Fakhar Zaman had not played a single match for Pakistan until their fifth game of this tournament, where he batted at number five against Namibia. He then batted at five again against England. On Saturday, opening the batting, he scored 84 off 42 balls with three sixes and nine fours. He was clearly the best fit for the top of Pakistan’s order, and the management didn’t figure that out for five matches.
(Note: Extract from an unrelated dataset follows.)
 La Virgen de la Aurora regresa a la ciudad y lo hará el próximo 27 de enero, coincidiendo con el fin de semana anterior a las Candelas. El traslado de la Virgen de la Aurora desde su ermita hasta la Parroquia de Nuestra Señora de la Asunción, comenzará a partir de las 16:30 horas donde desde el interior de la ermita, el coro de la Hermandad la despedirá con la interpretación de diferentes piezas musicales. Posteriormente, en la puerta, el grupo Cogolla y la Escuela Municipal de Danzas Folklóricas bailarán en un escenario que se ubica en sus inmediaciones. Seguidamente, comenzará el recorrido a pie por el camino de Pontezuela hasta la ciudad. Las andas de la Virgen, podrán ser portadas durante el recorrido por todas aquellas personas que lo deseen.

“Pakistan’s management looks completely clueless,” Akhtar said on Tapmad. “Today’s team selection only confirmed that the XI picked over the last 15 days was wrong. There was one clear error: Saim Ayub should have played instead of Khawaja Nafay. Saim could have contributed with the ball as well. This selection showed that when you pick the right players for the right roles, they perform. Fakhar is a natural opener, yet he was not played earlier. Today, Farhan, Fakhar, and Abrar all delivered.”
Akhtar’s Verdict on Naqvi: Power Without Structure
The strongest part of Shoaib Akhtar’s post-exit commentary was aimed not at the players — who he largely defended as talented individuals let down by a broken system — but at the PCB’s structural failure. Mohsin Naqvi, the board’s chief, has wielded significant authority and resources since his appointment, but Akhtar’s assessment was that none of it has translated into sustainable cricketing infrastructure.
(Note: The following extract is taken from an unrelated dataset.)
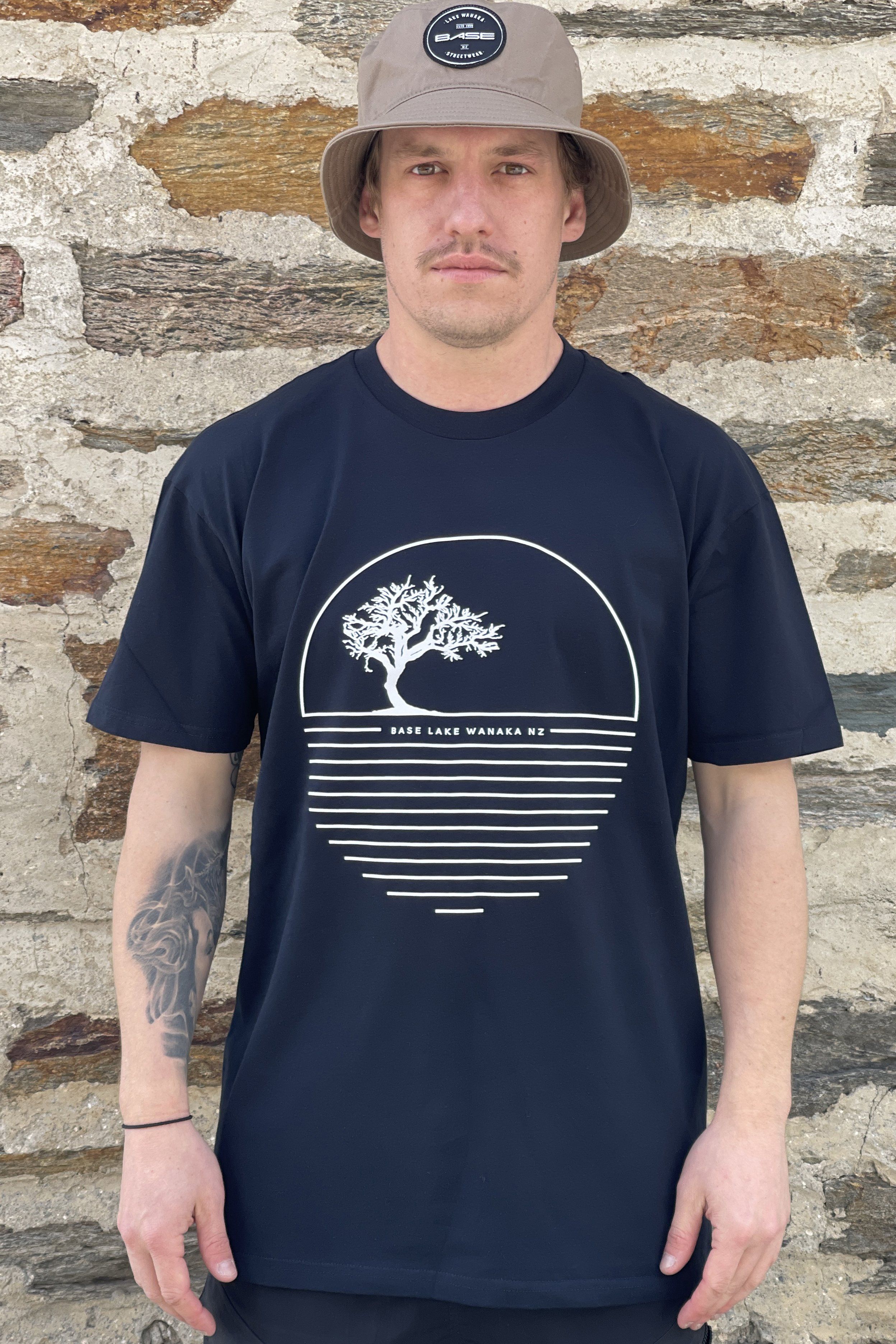 BASE Wanaka Tree Stencil Tee Mens Navy

“I have nothing against Mohsin Naqvi. From what I hear, he is a good person. He is one of the most powerful chairmen in Pakistan’s cricket history. He has influence, resources, and authority. But if he can’t build a strong management structure and the team has failed to qualify in four consecutive tournaments, then something is seriously wrong within the board,” Akhtar said.
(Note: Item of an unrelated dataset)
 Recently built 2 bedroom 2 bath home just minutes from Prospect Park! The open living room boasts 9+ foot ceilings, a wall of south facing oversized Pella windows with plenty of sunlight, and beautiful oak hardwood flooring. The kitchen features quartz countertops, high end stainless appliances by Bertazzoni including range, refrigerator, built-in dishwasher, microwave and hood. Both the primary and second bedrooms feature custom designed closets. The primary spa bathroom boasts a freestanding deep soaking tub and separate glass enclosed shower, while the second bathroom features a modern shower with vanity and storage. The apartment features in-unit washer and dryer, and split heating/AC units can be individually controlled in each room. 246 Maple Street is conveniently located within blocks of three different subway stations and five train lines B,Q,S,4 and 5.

He went further in follow-up comments to the Indian Express, shifting the target slightly: “This is a request to Naqvi: the people advising you are making you look bad. The selection committee is not doing you justice. He may want success for Pakistan cricket, but the system around him is not helping. The real question is — who are these people? At this stage, Naqvi remains Pakistan cricket’s last hope, but he needs the right support structure to turn things around.”
Four Consecutive ICC Tournament Exits: The Damning Record
Shoaib Akhtar’s four-tournament reference is not hyperbole. It is clinical fact:
Tournament | Year | Exit Stage |
|---|---|---|
ODI World Cup | 2023 | Group stage |
T20 World Cup | 2024 | Group stage |
Champions Trophy | 2025 | Group stage |
T20 World Cup | 2026 | Super 8 (Semi-final) |
Four consecutive ICC tournaments. Four exits before the semi-finals. No other major cricket nation — not even the Windies in their lowest ebb, not even Sri Lanka in their current decline — has matched that record of sustained knockout-stage failure.
What makes the statistic more damning is the context: Pakistan entered three of these four tournaments as genuinely dangerous sides on paper. In 2024, they had Babar Azam, Shaheen Afridi and Naseem Shah in peak form. In 2025, they were Champions Trophy hosts. In 2026, they have a bowling attack that on its best day can dismantle any batting order in the world. The failures have not been about talent. They have been about structure, selection, and the management systems that Akhtar identifies as “seriously wrong.”
For Salman Ali Agha — who ends the tournament with 60 runs from six matches as captain and whose leadership decisions drew sustained criticism throughout — the immediate question is whether he retains the captaincy. For head coach Mike Hesson, whose track record in New Zealand earned him enormous respect but who has struggled to translate it into consistent results with Pakistan, the review process will be thorough. For Pakistan cricket as a whole, the post-mortem starts now — and for once, it has the right people asking the right questions publicly.
Whether the board listens is another matter entirely.